Listener objects are created with a Preconnection, at which point
their configuration should be considered immutable by the
implementation. The process of listening is described in
Section 4.7.
3. Implementing Preestablishment
The preestablishment phase allows applications to specify Properties
for the Connections that they are about to make or to query the API
about potential Connections they could make.
During preestablishment, the application specifies one or more
Endpoints to be used for communication as well as protocol
preferences and constraints via Selection Properties and, if desired,
also Connection Properties. Section 4 of [RFC9622] states that
Connection Properties should preferably be configured during
preestablishment because they can serve as input to decisions that
are made by the implementation (e.g., the capacity profile can guide
usage of a protocol offering scavenger-type congestion control).
The implementation stores these Properties as a part of the
Preconnection object for use during Connection establishment. For
Selection Properties that are not provided by the application, the
implementation uses the default values specified in the Transport
Services API ([RFC9622]).
3.1. Configuration-Time Errors
The Transport Services System should have a list of supported
protocols available, each of which has transport features reflecting
the capabilities of the protocol. Once an application specifies its
Transport Properties, the Transport Services System matches the
required and prohibited Properties against the transport features of
the available protocols (see Section 6.2 of [RFC9622] for the
definition of Property Preferences).
In the following cases, failure should be detected during
preestablishment:
* A request by an application for Properties that cannot be
satisfied by any of the available protocols. For example, if an
application requires perMsgReliability, but no such feature is
available in any protocol on the host running the Transport
Services System, this should result in an error.
* A request by an application for Properties that are in conflict
with each other, such as specifying required and prohibited
Properties that cannot be satisfied by any protocol. For example,
if an application prohibits reliability but then requires
perMsgReliability, this mismatch should result in an error.
To avoid allocating resources that are not needed, it is important
that configuration-time errors fail as early as possible.
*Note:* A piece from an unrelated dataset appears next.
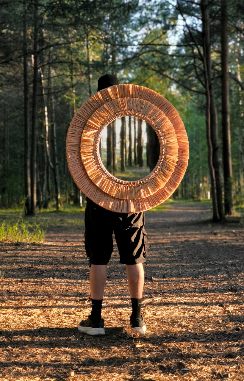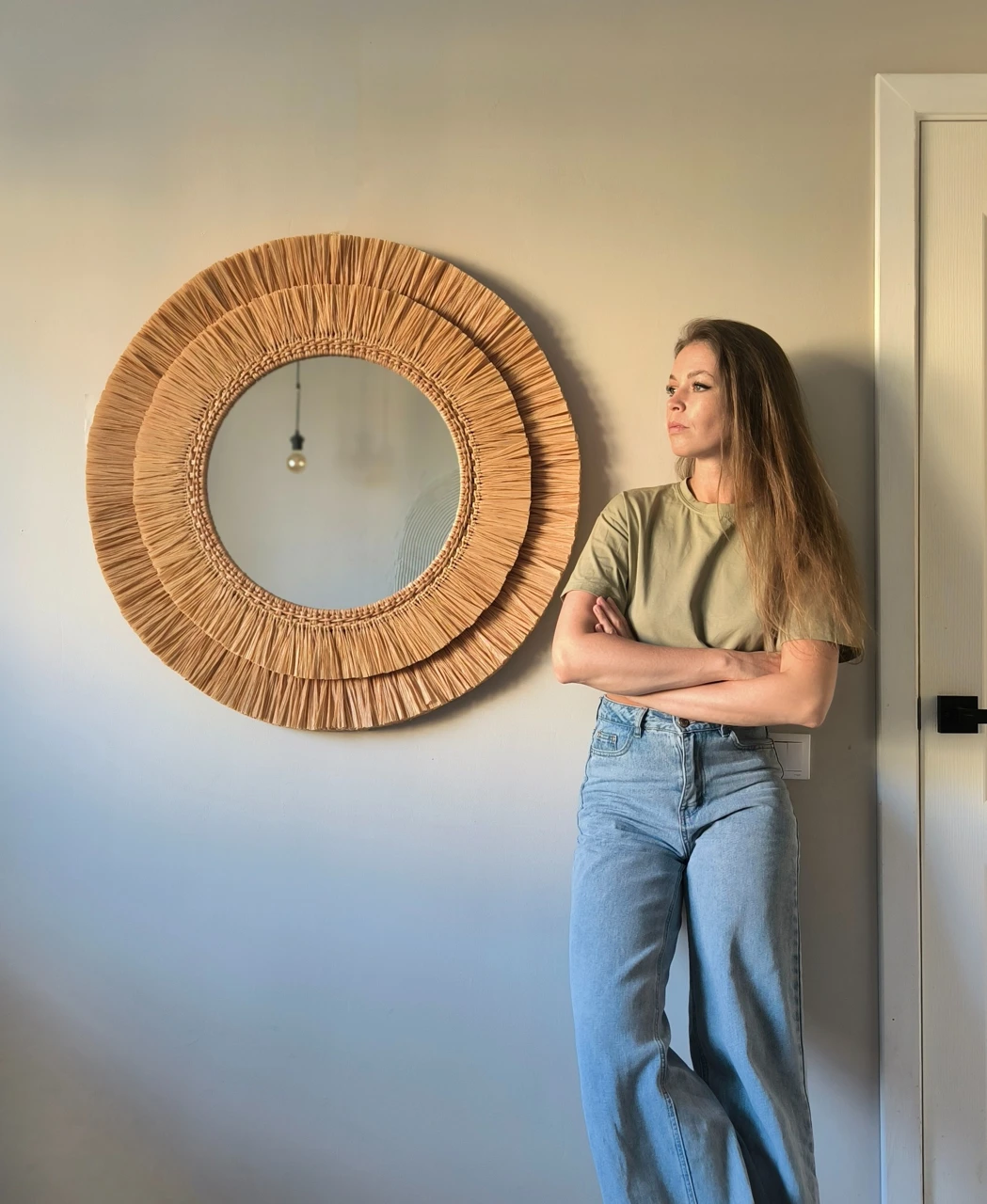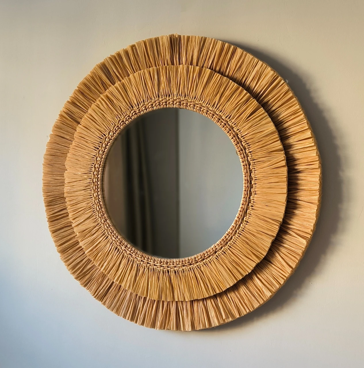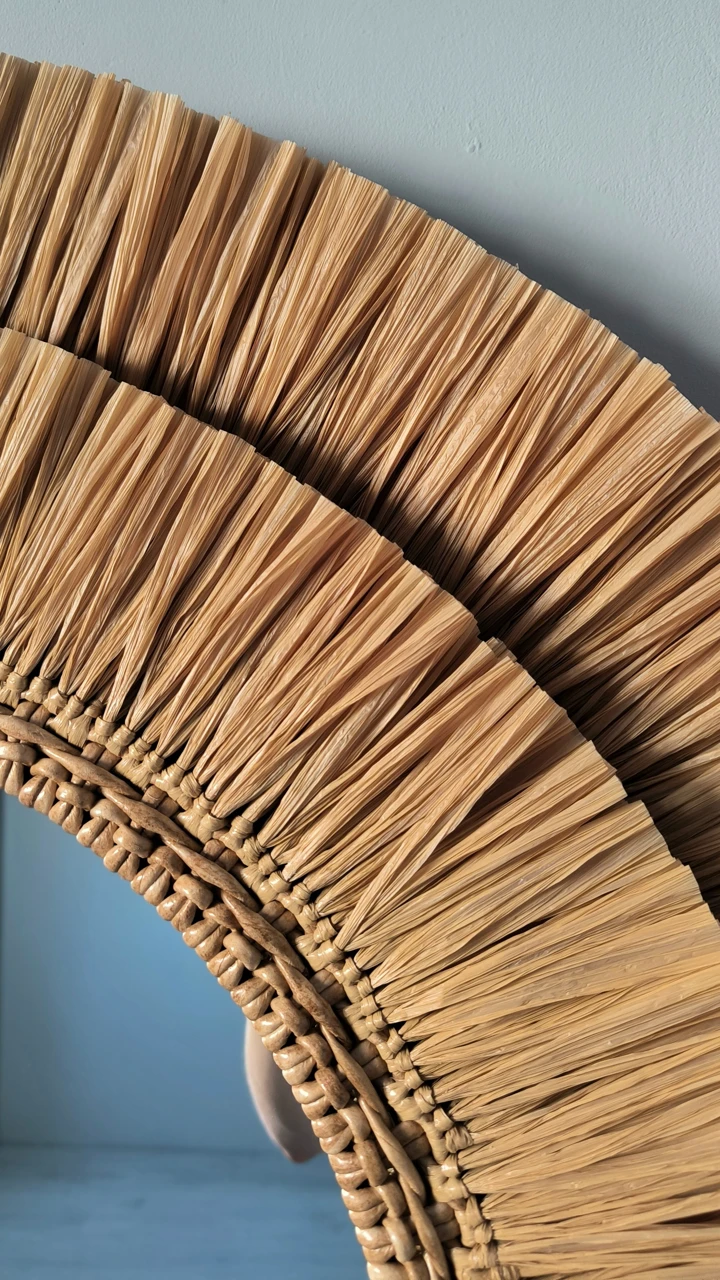 Эффектное интерьерное решение, которое работает и как зеркало, и как самостоятельный декор. Двойная окантовка из рафии создает мягкую игру света и тени, а крупный формат делает зеркало главным акцентом стены. Идеально для зоны прихожей или спальни.

3.2. Role of System Policy
The Properties specified during preestablishment have a close
relationship to System Policy. The implementation is responsible for
combining and reconciling several different sources of preferences
when establishing Connections. These include, but are not limited
to:
1. Application preferences, i.e., preferences specified during
preestablishment via Selection Properties.
2. Dynamic System Policy, i.e., policy compiled from internally and
externally acquired information about available network
interfaces, supported transport protocols, and current/previous
Connections. Examples of ways to externally retrieve policy-
support information are through OS-specific statistics/
measurement tools and tools that reside on middleboxes and
routers.
3. Default implementation policy, i.e., predefined policy by the OS
or application.
In general, any protocol or path used for a Connection must conform
to all three sources of constraints. A violation that occurs at any
of the policy layers should cause a protocol or path to be considered
ineligible for use. If such a violation prevents a Connection from
being established, this should be communicated to the application,
e.g., via the EstablishmentError event. For an example of
application preferences leading to constraints, an application may
prohibit the use of metered network interfaces for a given Connection
to avoid user cost. Similarly, the System Policy at a given time may
prohibit the use of such a metered network interface from the
application's process. Lastly, the implementation itself may default
to disallowing certain network interfaces unless explicitly requested
by the application.
It is expected that the database of system policies and the method of
looking up these policies will vary across various platforms. An
implementation should attempt to look up the relevant policies for
the system in a dynamic way to make sure it reflects an accurate
version of the System Policy, since the system's policy regarding the
application's traffic may change over time due to user or
administrative changes.
4. Implementing Connection Establishment
The process of establishing a network connection begins when an
application expresses intent to communicate with a Remote Endpoint by
calling Initiate, at which point the Preconnection object contains
all constraints or requirements the application has configured. The
establishment process can be considered complete once there is at
least one Protocol Stack that has completed any required setup to the
point that it can transmit and receive the application's data.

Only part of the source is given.